Esta Circular del CGAE número 3/2026 afirma que “el uso de sistemas de IA generativa, como los modelos de lenguaje de gran escala, para la elaboración de borradores o textos jurídicos constituye una práctica lícita y admisible”. Pero, a continuación, advierte que “no obstante, resulta incompatible con las exigencias deontológicas de la profesión la delegación acrítica y/o sustitutiva de las tareas que corresponden a las funciones esenciales del ejercicio profesional, en la medida en que ello implica una abdicación del principio de diligencia y/o independencia profesional, con errores o sin ellos. La falta de verificación humana puede, además, derivar en una indefensión material del cliente y en un menoscabo del correcto funcionamiento de la Administración de Justicia. En definitiva, vulnera los principios rectores de la profesión establecidos en el artículo 1.3 del EGAE”.

C) ¿Qué recomienda la Circular?

El apartado 6 de la Circular contiene una serie de “Recomendaciones” que pretenden preservar el cumplimiento de los deberes de diligencia profesional evitar errores; advirtiendo que estas buenas prácticas “no constituyen por sí mismas obligaciones deontológicas tipificadas, pero su observancia puede ser relevante para apreciar la diligencia del profesional”.

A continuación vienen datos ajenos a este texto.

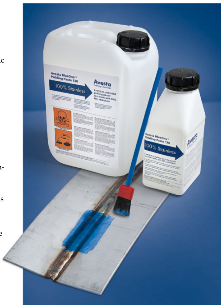
Avesta BlueOne™ Pickling Paste 130 is unique and covered by a world patent.

Se trata de las buenas prácticas siguientes:

“1.Conocer cabalmente las herramientas de IA que se van a utilizar”. Añade que “no todas las herramientas de IA son igualmente eficaces y no todas las tareas son susceptibles de ser encomendadas a dichas herramientas”; por lo que “es fundamental informarse en su uso”.

“2. No utilizar nunca resultados de IA sin una lectura crítica completa”. Explica a este respecto que “todo texto generado debe ser leído íntegramente por el firmante, comprobando razonamientos, su coherencia interna y su adecuación jurídica, sin asumir como válidas afirmaciones plausibles o verosímiles por el simple hecho de serlo” por lo que “debe ponerse sumo cuidado en el copiado de textos”.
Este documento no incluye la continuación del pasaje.